My issue is that the tasks are run sequentially :

Executing task 1
Task 1 executed
Executing task 2
Task 2 executed
Executing task 3
Task 3 executed

But I would have expect it runs concurrently, and I would get something like :

Executing task 1
Executing task 3
Executing task 2
Task 1 executed
Task 3 executed
Task 2 executed

Is there an alternative to futures::future::join_all to run all tasks in parallel ?

I'd like to use await to create a simple example demonstrating async and await.

Answer 1

join_all runs tasks concurrently (not parallel). It has the limitation that it can only switch between tasks when they yield. In addition that this it will always prefer to work on the first task if that one is not ready.

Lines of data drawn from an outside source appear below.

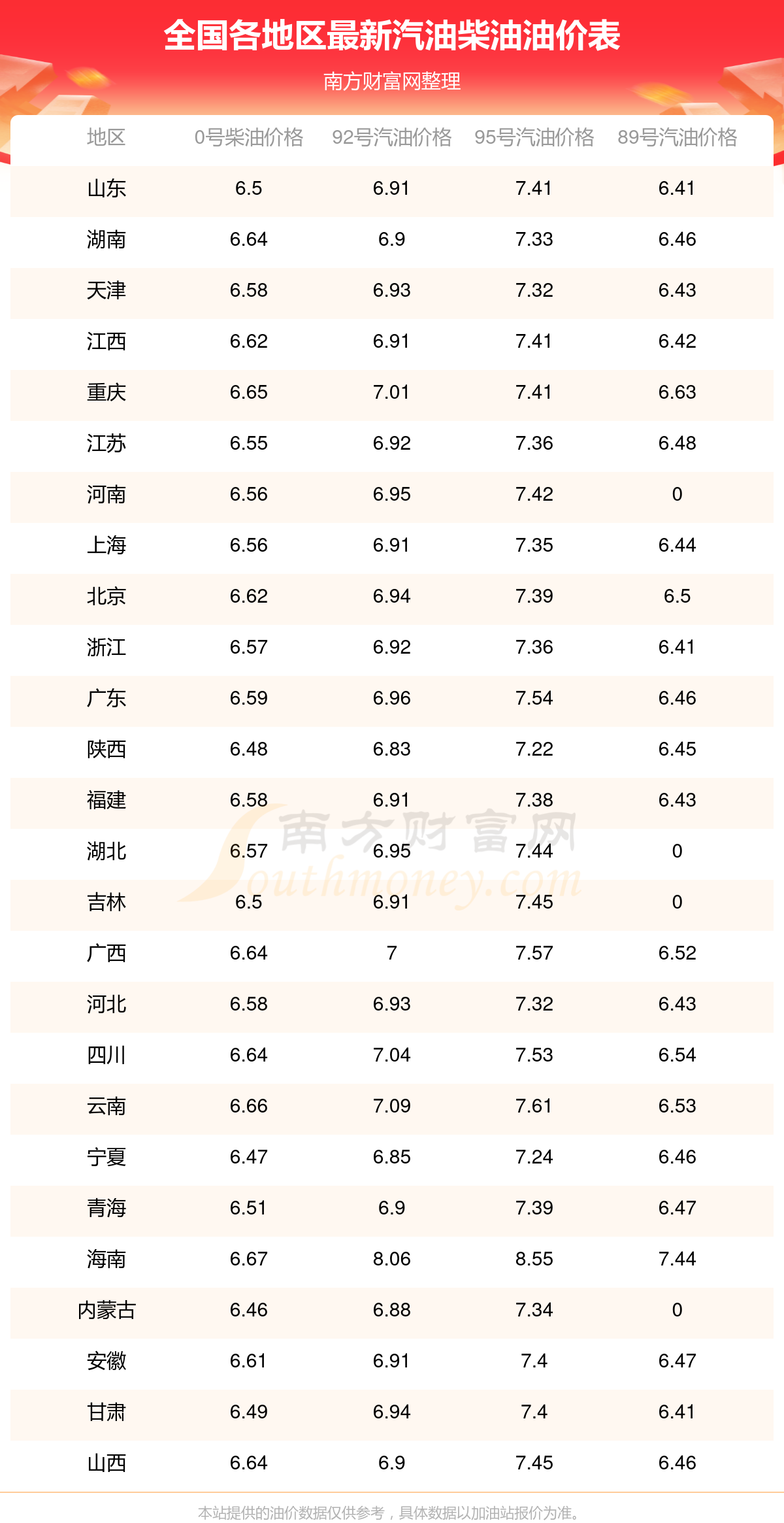 油價(jià)數(shù)據(jù)僅供參考,請以您所在地區(qū)的各加油站報(bào)價(jià)為準(zhǔn)。
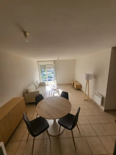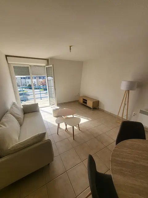 La pièce de vie, lumineuse et spacieuse, s'ouvre sur un balcon privé. Elle est aménagée avec un canapé, une table basse, un meuble TV ainsi qu'un espace salle à manger comprenant une table ronde et des chaises design.
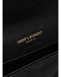 Details - Pebbled leather exterior and lining - Made in Italy - Fold-over flap top with snap button closure - One main compartment - Four interior card slots - Back flat pocket - Aged bronze-tone metal YSL cassandre on front - Measures approx 5"W x 3.5"H x 1"D - This item is not available to ship to Indonesia - Our Style No. SLAU-WY2631 - Manufacturer Style No. 414404-BOW01-1000
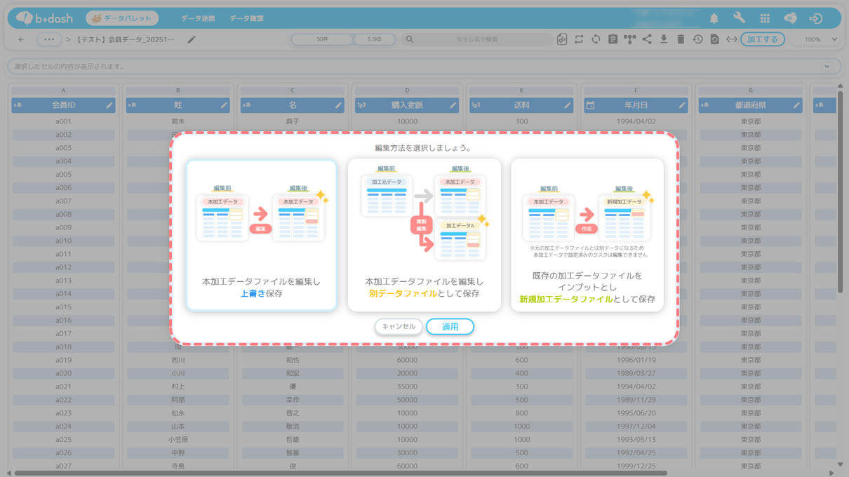 データの編集方法」を選択し、「適用」をクリックします
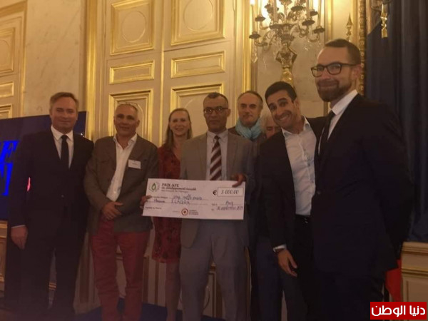 الفلسطينية ورئيس دائرة شؤون للاجئين بالتهنئة والتبريكات للدكتور حسام الأقرع بمناسبة حصوله على الجائزة الدولية الكبرى للتنمية المستدامة من قبل البرلمان ووزيري الخارجية والتنمية المستدامة في فرنسا.
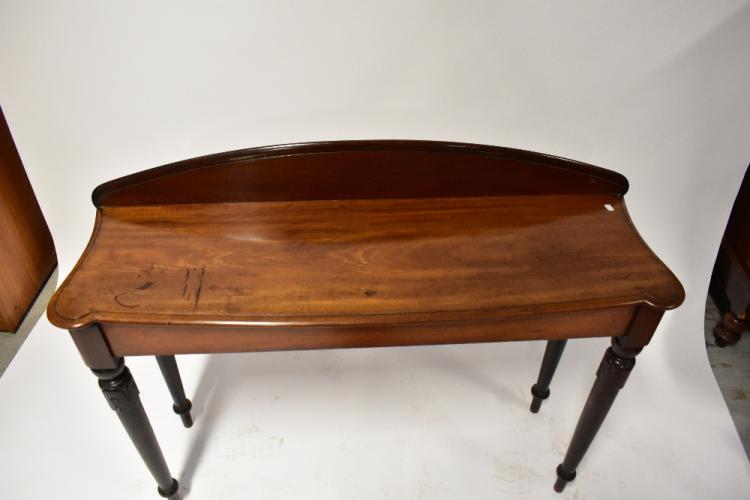 Lot 8 of 1061: A 19th century mahogany console table with arched back, shaped top, raised on carved and turned tapering supports to peg feet, 107 x 137 x 42cm.
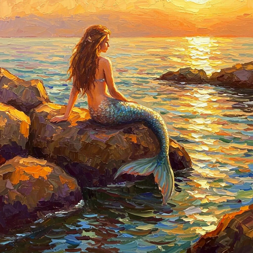 The primary light source comes from the low-angle sunset, casting a layered interplay of light and shadow on the sea and rocks. The artist skillfully uses thick brushstrokes to depict the shimmering reflections on the water’s surface, creating a sense of movement. The mermaid's body is softly shaded to enhance its three-dimensionality while ensuring it blends naturally with the surrounding environment.
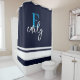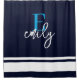 Monogram Nautical Stripes Navy Blue White Shower Curtain. Personalize this elegant shower curtain with your custom monogram initial and name.
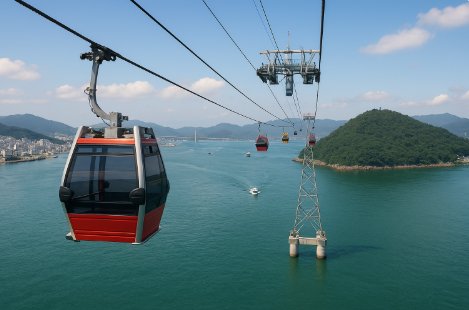 여수 바다 위를 가로지르는 해상 케이블카는 필수 코스입니다.
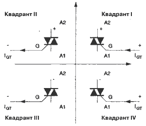 Каждый квадрант соответствует одному способу открывания симистора. Все способы кратко описаны в табл. 1.
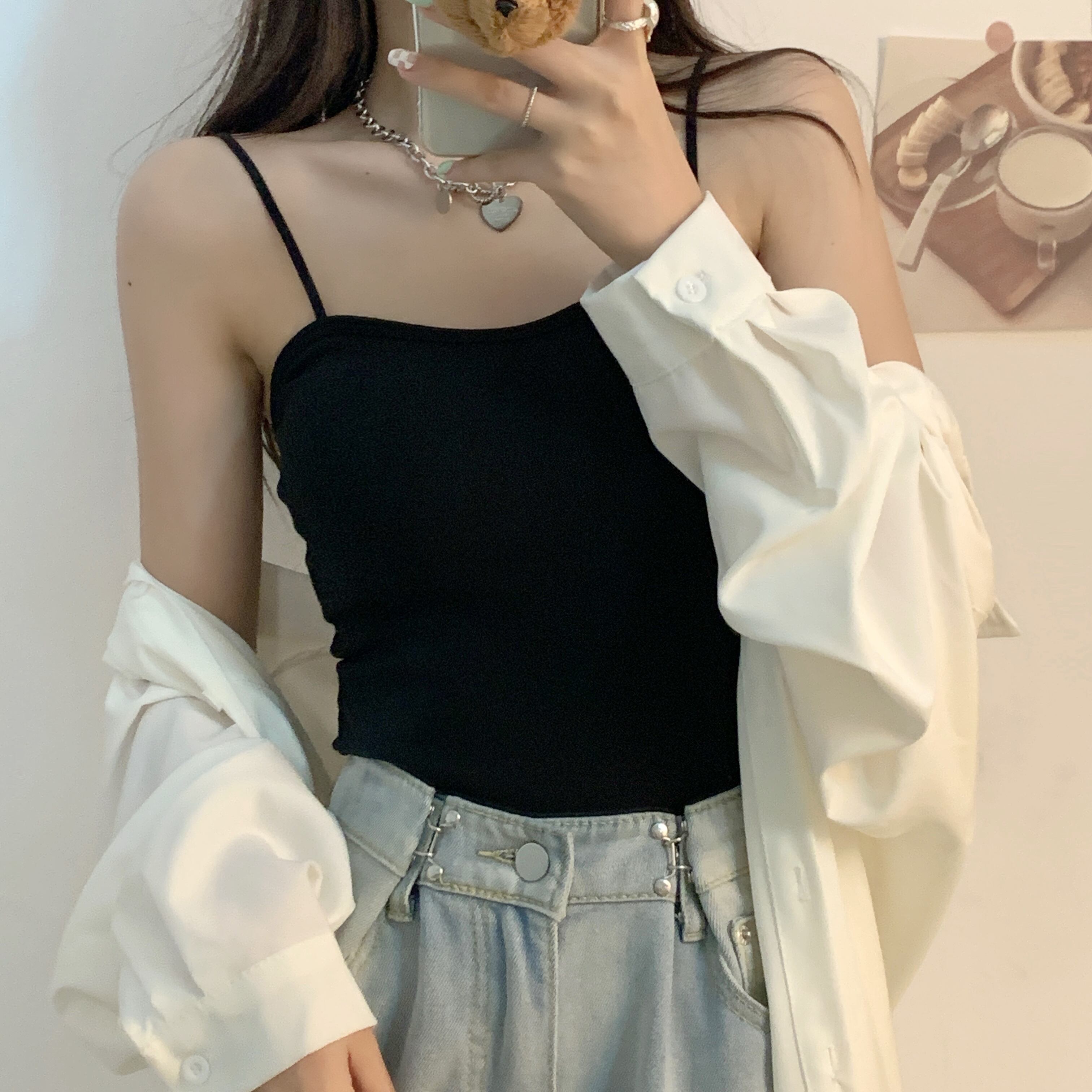白綿美バック下着 レディース 夏アウター キャミソール チェストパッド付き ショートチューブトップ ボトムス 上着 ホワイト コットン サマー 夏物 7460048371615183 | framboise21
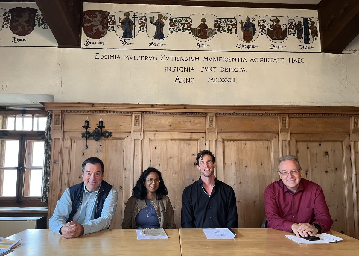 Andrea Gilli (da schnestra), Gianna Olinda Cadonau, Ivo Bärtsch e Lucian Schucan haun oriento davart il «festival travers zuoz» (fotografia: Martin Camichel).

If your function is e.g. defined as

async fn long_task(task_number: i32) {
    println!("Executing Task {}", task_number);
    tokio::time::delay_for(Duration::from_secs(1)).await;
    println!("Task {} executed", task_number);
}

then the await/suspend point in the middle of the function will provide join_all with an opportunity to run the other functions/Futures - and you would observe the expected output.

However if long_task does not yield (e.g. because it would be thread-blocking), then this function would run to completion before other tasks start:

async fn long_task(task_number: i32) {
    println!("Executing Task {}", task_number);
    std::thread::sleep(Duration::from_secs(1));
    println!("Task {} executed", task_number);
}

If you have such functions they are in general not a good fit for the async world. async functions are intended not to be CPU intense and should not block the thread - so that other functions scheduled on the same executor can still run.

One alternative that might provide you a bit more parallelism is to use a multithreaded async runtime (e.g. tokio) and spawn each async function as a separate task. In that case the tasks could run on separate CPU cores and threads and wouldn't block each other that much. You can then use join_all on the collection of returned JoinHandles to wait for all tasks to complete.